Architecture and Hardware

Fending off Cyberattacks on Collaborative Robots

Collaborative robots (known as cobots) are used in a wide variety of ways and in very diverse application areas.

Collaborative robots, or cobots, count on Internet of Things (IoT) devices, telemetry data, software programming, and remote control for operation, productivity, and safety.
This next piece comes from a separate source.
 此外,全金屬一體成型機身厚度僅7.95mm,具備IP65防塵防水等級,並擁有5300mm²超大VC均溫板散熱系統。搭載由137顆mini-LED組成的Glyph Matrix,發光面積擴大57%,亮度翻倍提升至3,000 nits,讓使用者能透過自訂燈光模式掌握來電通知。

These systems and devices present unique opportunities for attack.

Cyberattacks use IoT and Industrial IoT (IIoT) device vulnerabilities to gain unauthorized access to cobots. "IoT and IIoT devices connect to cobots via TCP/IP Ethernet to communicate inputs and instructions and to gain data," says Jim McKenney, practice director, Industrials & Operational Technologies at NCC Group, a cyberthreat management company.

According to McKenney, IoT devices collect a range of data from cobots, including performance metrics such as speed, accuracy, and energy consumption. The devices and data are vulnerable if someone has improperly configured those or if the security is weak, he says.
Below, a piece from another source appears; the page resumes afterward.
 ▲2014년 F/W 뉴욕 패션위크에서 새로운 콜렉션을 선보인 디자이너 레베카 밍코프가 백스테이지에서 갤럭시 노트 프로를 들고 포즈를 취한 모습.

Vulnerable devices enable hacker reconnaissance of cobot systems. "Cybercriminals can collect information about the cobot's configuration, operating system, or communication protocols to develop customized malware," says Yair Attar, co-founder and CTO of OTORIO, an Operational Technology (OT) environment monitoring provider.

Malware inserts backdoors in systems, providing criminal hackers with remote access. Cybercriminals use command and control servers and bots to orchestrate automated attacks, leveraging and increasing access across networks and devices. Cobots are connected devices, a form of IIoT. The basic principles of attack on them do not differ from any other network-based attack

In fact, cobots are not necessarily the primary targets in these attacks. "Malware can spread laterally to devices on the network, causing wide, detrimental effects," says Francis Dinha, co-founder and CEO of OpenVPN, Inc.,  a private networking and cybersecurity company with clients in IoT.

Criminal hackers can live off the land, using remote control tools IT has already installed with the cobots, such as Secure Shell (SSH).

Attackers can use cobots' SSH connections for remote access to change uncompiled scripted code or gcode files to reconfigure the cobot to perform all the wrong motions, explains Michael Nizich, director of the Entrepreneurship & Technology Innovation Center and Cyber Defense Education at New York Institute of Technology.

While some cobot installations don't have SSH access, others have advanced SSH connections, according to Nizich, depending on the control board, operating system, and other installation factors.

"Advanced SSH connection support provides an outside user full access to the robot's operating system and controls and the software and scripts on the system that control the cobot's behaviors," says Nizich.

Unfortunately, it is often trivial for criminal hackers to learn these connection options and find cobots to attack. "Many times, vendors publicly advertise the features of software and hardware systems to make them more attractive from a sales perspective. Users discuss the intricate details of the system's functionality on blogs and vlogs as they attempt to troubleshoot issues with the help of other system users," explains Nizich.

Criminal hackers with remote admin credentials can run custom software in a background service to launch a cobot attack on a particular date and time, says Nizich. "That's why you see attacks reported to have occurred on all machines at 9:01 a.m. on a certain date," says Nizich. The software also could record packets from the cobots to prepare for the final attack, he says.

According to Jon Clay, vice president of threat intelligence at Trend Micro, a cloud and endpoint security provider, cybercriminals can launch Man-in-the-Middle (MitM) attacks, inserting themselves between the cobot and the system running it. MitM attacks enable the hackers to collect industrial intelligence from communications between the cobots and their connected resources, such as extraneous networks, databases, and control systems.

According to Clay, criminal hackers can use the data they collect in MitM attacks to identify what they can use in future attacks.

According to Dinha, "if a cobot is collecting data to send to a database, a MitM attack could collect the data and even change it without either side registering the intrusion."

Cobots are subject to traditional network attacks. "Attackers can use brute force tactics, such as repeatedly guessing a robot's login credentials to gain unauthorized access," says Attar.

Cobot attacks are happening. According to Attar, "There have been several reported cyberattacks on cobots, but details of the specific attacks are often not made public."

Today's attacks are primarily to prepare for future attacks. "My main fear is these actors could have dropped some backdoors for future access," says Clay.

"The costs and aftermath of cobot attacks can vary widely depending on the extent of the damage, the time to recover, and the business impact," says Attar.

"For example, a single cyber incident can cause financial losses, production delays, reputational damage, and legal liabilities. The costs can range from a few thousand dollars to millions, depending on the size and complexity of the organization and the attack's severity. The aftermath can also include regulatory compliance, insurance claims, and investment in cybersecurity measures to prevent future incidents," says Attar.


David Geer is a journalist who focuses on issues related to cybersecurity. He writes from Cleveland, OH, USA.